Immobile, leader pure in panchina: il suo derby è l'esaltazione della lazialità

08.11.2022 07:35 di  Elena Bravetti  Twitter:    vedi letture
Fonte: Elena Bravetti - Lalaziosiamonoi.it
Immobile, leader pure in panchina: il suo derby è l'esaltazione della lazialità

La Lazio vince il derby. Lo fa grazie all'intelligenza di Sarri, al gol di Felipe Anderson, alla caparbietà della coppia di centrali formata da Romagnoli e Casale. Poi, senz'altro, grazie al sostegno del pubblico, ancora una volta autore di uno spettacolo da stropicciarsi gli occhi. C'è poi chi, seppur senza aver giocato neanche un minuto della sfida, ne è stato protagonista. Un leader che, ahinoi, è stato obbligato a sedersi in panchina.
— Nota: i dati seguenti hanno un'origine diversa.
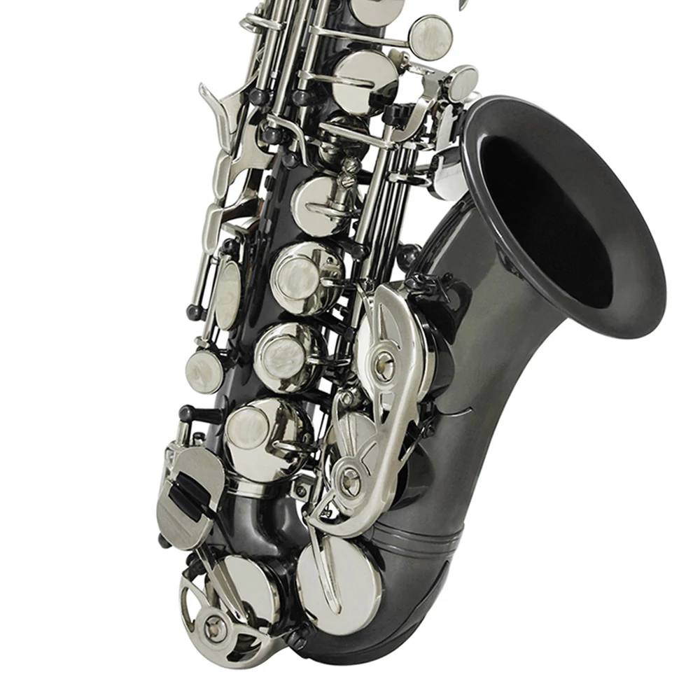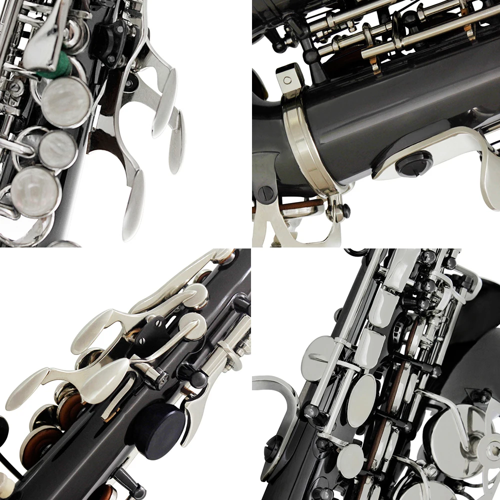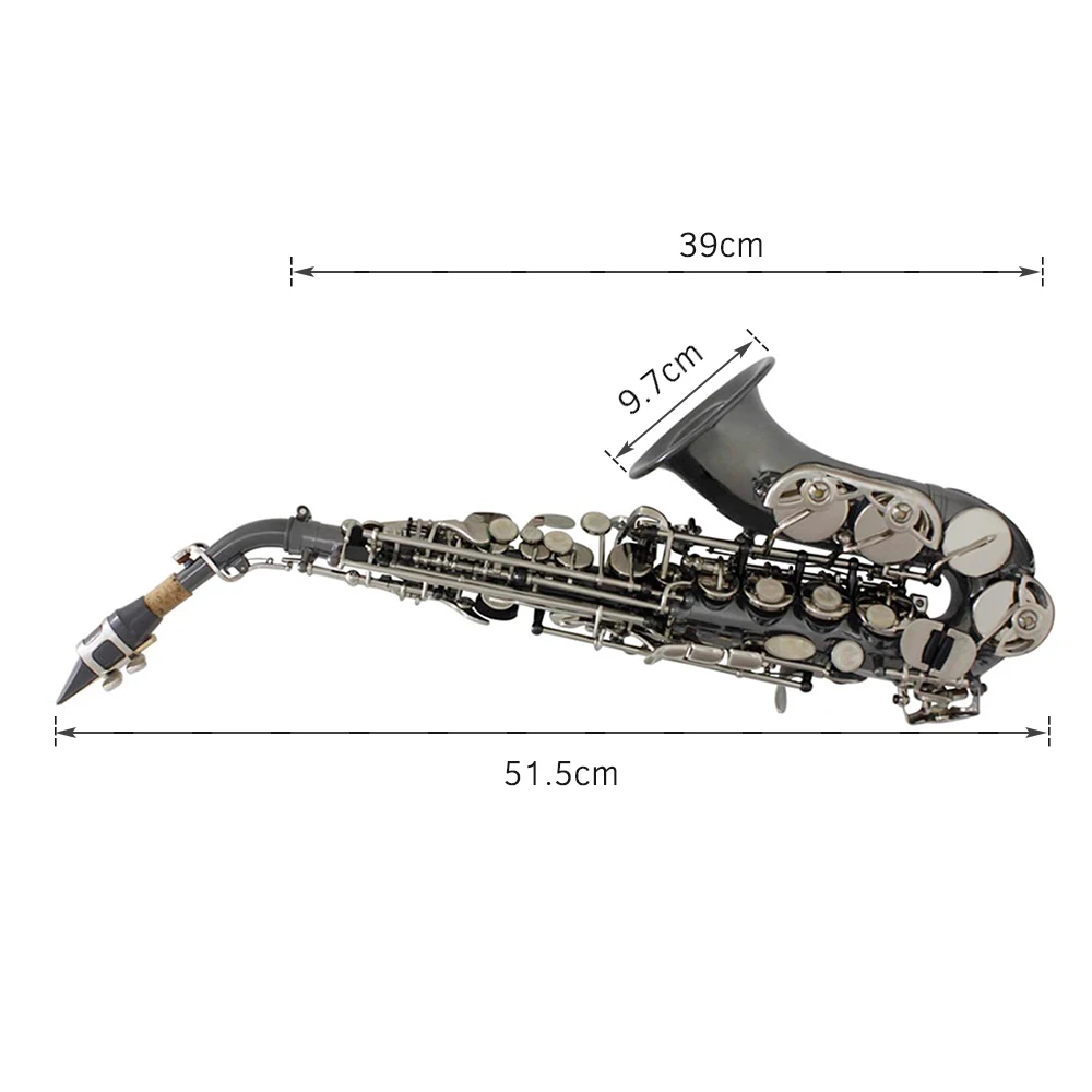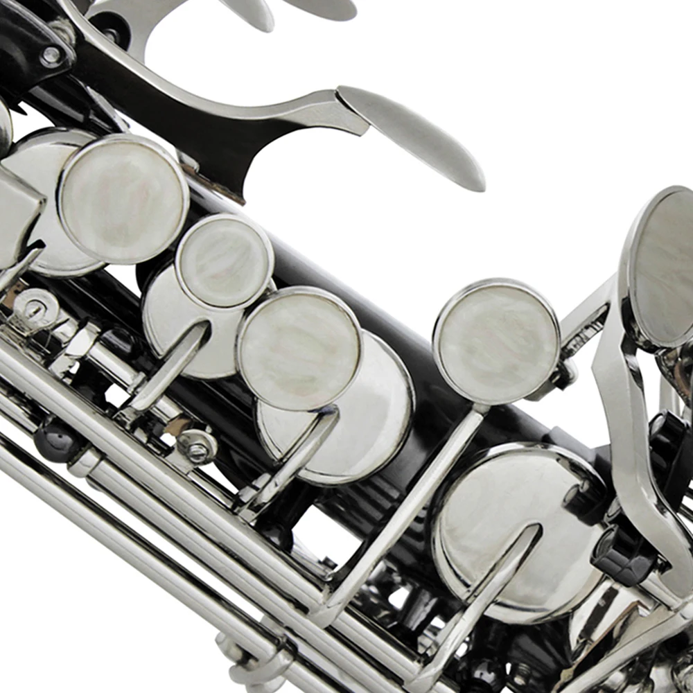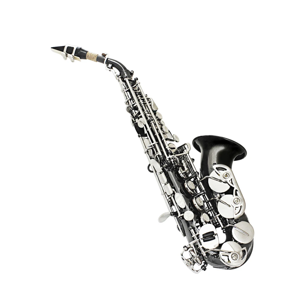 Bb Soprano Saxophone Sax Brass Material Black Nickel Plated Woodwind Instrument with Carry Case Gloves Cleaning Cloth Brush

Ma pur sempre un leader. Il derby di Ciro Immobile è inedito, perché lui è abituato a giocarle queste partite, ad andare in gol, a dannarsi in campo alla ricerca della giocata risolutiva. Ma pur sempre speciale

PETTO IN FUORI - Nella lista dei convocati di Sarri non figura il nome del bomber biancoceleste, che però non si ferma, non si arrende. Chiede, ed ottiene, all'allenatore di poter esserci. Eccolo allora nel tunnel dell'Olimpico. E poi in campo. Il tecnico lo sottolinea nel pre-gara: "Non giocherà, non è pronto". Ma Ciro non vuole perder tempo, e approfitta del riscaldamento dei compagni per proseguire il lavoro che sta svolgendo, senza sosta, a Formello. Corre, da un'occhiata agli esercizi della squadra, si gira e contempla una maestosità tutta biancoceleste. Petto in fuori. Attaccamento viscerale. Orgoglio di essere un re per quel popolo. Fierezza nell'essere capitano di quel gruppo che ora, senza di lui, perde un punto di riferimento. Ma non ne è intimorito, tutt'altro. Non parte sconfitto, ma proprio quell'assenza, così pesante, rende palese una motivazione in più

NERVI TESI - La partita inizia e Immobile è in panchina. Occhi sul campo. La telecamera indugia spesso su Ciro, lo riprende mentre urla, si sbraccia, "guida" i compagni. Soffre insieme a loro, si fa sentire quando le decisioni dell'arbitro non lo soddisfano. Poi abbraccia tutti quando arriva il gol di Felipe Anderson. Esulta, non sta mai fermo. Si scambia occhiate con i giocatori che, come lui, devono accontentarsi della panchina. Accanto c'è Radu, con cui forma una coppia "lazialissima". Entrambi non sono nati a Roma, non tifavano Lazio quand'erano piccoli. Poi l'hanno conosciuta, gli è entrata nel cuore. Ed ora, eccoli lì, nervi tesi e tanta grinta per un match che no, non sarà mai come gli altri. L'intervallo precede altri 45' di gioco, da vivere fino alla fine. Il corposo recupero di Orsato complica un po' la situazione. La Roma non si rende mai pericolosa, ma il vantaggio è solamente di un gol, può succedere di tutto. Lo sa bene Immobile, che non proferisce più parola. Non ci riesce, il fiato rimane intrappolato nel petto in un mix di preoccupazione e voglia di esultare. 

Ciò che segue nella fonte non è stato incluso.